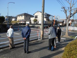 三重西地区連合自治会長にも立ち会いに来ていただき、四日市市の道路管理課や育ち支援課等、四日市北警察の方と、どのように横断歩道を設置できるかを協議しました。
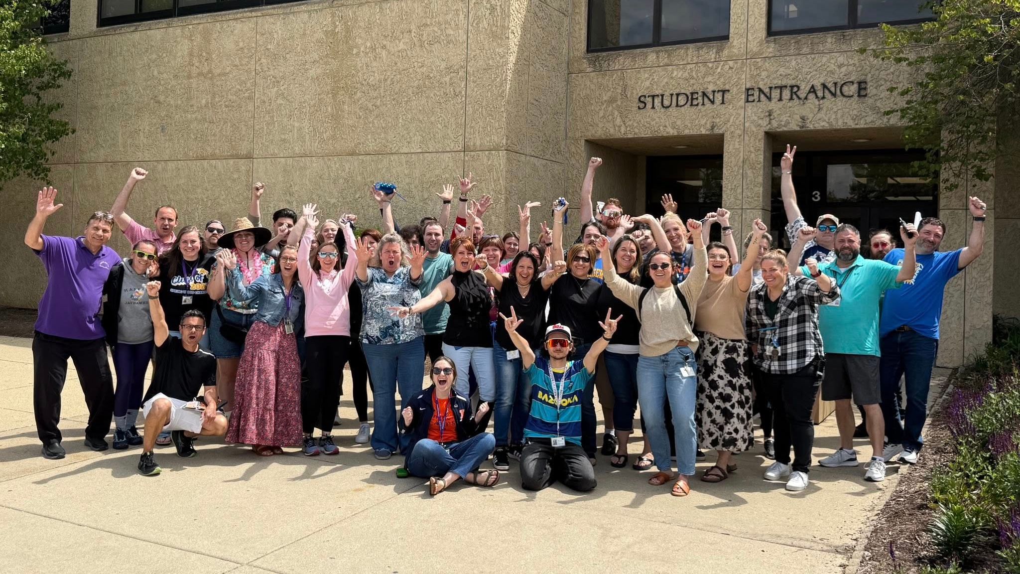 Staff group cheering on last day of school
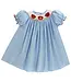 Made from soft blue gingham, this classic bishop-style dress features beautifully hand-smocked red apples with ABC embroidery across the neckline. Puff sleeves with red rick rack trim and a flowing, full-body silhouette.
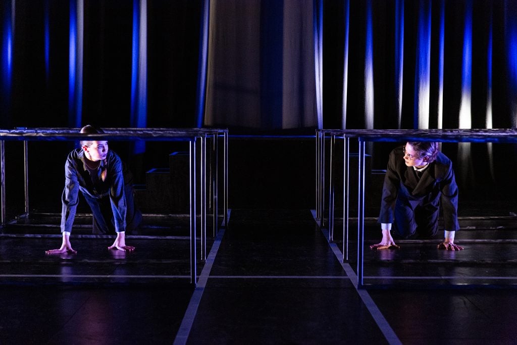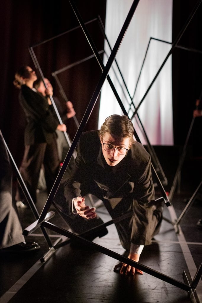 A minimalist but bold staging, dark and colourless, with simple door frames used to construct the changing scenes of the legal maze that Jospeh K moves through as his desperation to know the cause of his arrest mounts. Scenes of precise rhythmic and repetitious group movement create a claustrophobic atmosphere which heightened the increasing torment Joseph K was feeling.
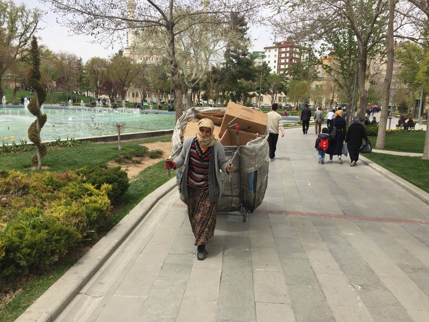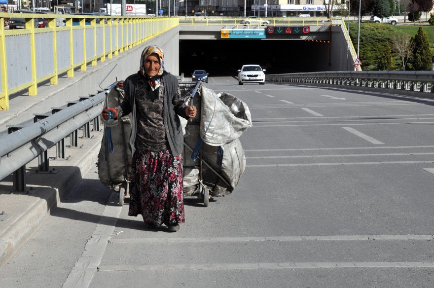 "Biz hırsızlık, dilenme nedir bilmeyiz. Yapana da çok kızarız. Ekmeğinin peşinde olan biriyim. Topladıklarımızı satıp karnımızı doyurursak yeter. Başka ne isteyelim. Alnımın teriyle, kimseye muhtaç olmadan yaşıyorum. Aç da susuz da kalsam kimseye 'Bana bir parça ekmek ver' demem. Ekmeğim olursa yerim, olmazsa Allah'a şükreder yatarım. Bazen bizi 'Utanmadan kafalarını çöplerin içine sokuyorlar' diyerek küçümsüyorlar. Hırsızlık, dilencilik yapmıyorum. Helalinden kazanıp, yiyorum. Halimizde hor görülecek bir durum yok. Fakirim ama çok şükür karnımı doyuruyorum. Hayatımdan memnunum. Halime şükretmezsem Allah'a hesabını veremem. Rabbim ne verdiyse çok şükür. Kocam iyi olsun, başka bir şey istemem."

——

TASK DETAILS
The records above should be returned word for word, with every picture left out.

TASK RESULT
 三重西地区連合自治会長にも立ち会いに来ていただき、四日市市の道路管理課や育ち支援課等、四日市北警察の方と、どのように横断歩道を設置できるかを協議しました。
 Staff group cheering on last day of school
 Made from soft blue gingham, this classic bishop-style dress features beautifully hand-smocked red apples with ABC embroidery across the neckline. Puff sleeves with red rick rack trim and a flowing, full-body silhouette.
 A minimalist but bold staging, dark and colourless, with simple door frames used to construct the changing scenes of the legal maze that Jospeh K moves through as his desperation to know the cause of his arrest mounts. Scenes of precise rhythmic and repetitious group movement create a claustrophobic atmosphere which heightened the increasing torment Joseph K was feeling.
 "Biz hırsızlık, dilenme nedir bilmeyiz. Yapana da çok kızarız. Ekmeğinin peşinde olan biriyim. Topladıklarımızı satıp karnımızı doyurursak yeter. Başka ne isteyelim. Alnımın teriyle, kimseye muhtaç olmadan yaşıyorum. Aç da susuz da kalsam kimseye 'Bana bir parça ekmek ver' demem. Ekmeğim olursa yerim, olmazsa Allah'a şükreder yatarım. Bazen bizi 'Utanmadan kafalarını çöplerin içine sokuyorlar' diyerek küçümsüyorlar. Hırsızlık, dilencilik yapmıyorum. Helalinden kazanıp, yiyorum. Halimizde hor görülecek bir durum yok. Fakirim ama çok şükür karnımı doyuruyorum. Hayatımdan memnunum. Halime şükretmezsem Allah'a hesabını veremem. Rabbim ne verdiyse çok şükür. Kocam iyi olsun, başka bir şey istemem."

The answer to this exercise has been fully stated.